I get in on Wed night, working Thurs. 

I will get myself a PAYG UAE Sim and PM it to you.


----------



## SR24 (Aug 24, 2008)

crazymazy1980 said:


> Is anyone up for a drink this weekend...
> 
> ...or can recommend somewhere good near Chelsea Tower on SZR?
> 
> Thanks


I'm over for a week from Wednesday if you wanted to meet up. First time in Dubai so would be nice to catch up for a social gathering.


----------



## mancgary79 (Sep 9, 2008)

crazymazy1980 said:


> Is anyone up for a drink this weekend...
> 
> ...or can recommend somewhere good near Chelsea Tower on SZR?
> 
> Thanks


Alright fella, I am over there on the 17th of October and I think my hotel is going to be on SZR as well. I will let you know when I arrive but it would be good to meet for a few scoops with a fellow North Westener!


----------



## Pasanada (Feb 5, 2008)

crazymazy1980 said:


> Is anyone up for a drink this weekend...
> 
> ...or can recommend somewhere good near Chelsea Tower on SZR?
> 
> Thanks


I'll be there in spirit............not the voddy type though! 

Have a sherbert for the sad cow stuck in miserable and cold Blighty, ta very muchly!


----------



## Spellbound (Sep 4, 2008)

I should be around in October too, and will definitely be up for drinks.


----------



## bubble_boy (May 28, 2008)

I am very tempted to join. I feel I need to get out. Don't know how good my company will be though..  You English have a strange sense of humor..


----------



## mancgary79 (Sep 9, 2008)

bubbles said:


> I am very tempted to join. I feel I need to get out. Don't know how good my company will be though..  You English have a strange sense of humor..

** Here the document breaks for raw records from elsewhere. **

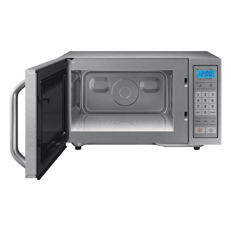 The Samsung CM1109/XEU will heat, cook and defrost your dishes and drinks with ease, thanks to this Commercial Microwave. Featuring Programmable Touch Pad control, this model can feature up to 20 custom settings that you can enter manually to match the meals you cook every day. Robustly built to deliver consistent results even under constant use, the program panel is illuminated by an LCD ice blue digital display that assists in streamlining the cooking process. As a light duty microwave this unit is best fitted for smaller catering businesses like cafes and bistros.
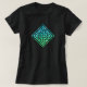 Ein Hemd eines blau-grünen keltischen Knotendesigns vor schwarzem Hintergrund.
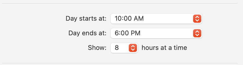 Let’s say you’re customizing your Apple calendar for work. You can set the hours that you’ll be active and available for meetings (again, by navigating through preferences to the general tab).

Ha ha, so where are you from then Bubbles? We have a pretty sarcastic sense of humor to be fair


----------



## Pasanada (Feb 5, 2008)

bubbles said:


> I am very tempted to join. I feel I need to get out. Don't know how good my company will be though..  You English have a strange sense of humor..


I resemble that remark!!


----------



## Spellbound (Sep 4, 2008)

Especially those sarcastic Northerners


----------



## bubble_boy (May 28, 2008)

Ja, That's what I meant...  To be honest, I find your humor funny most of the times, but sometimes I just don't know... I seem to respond best to dry humor. 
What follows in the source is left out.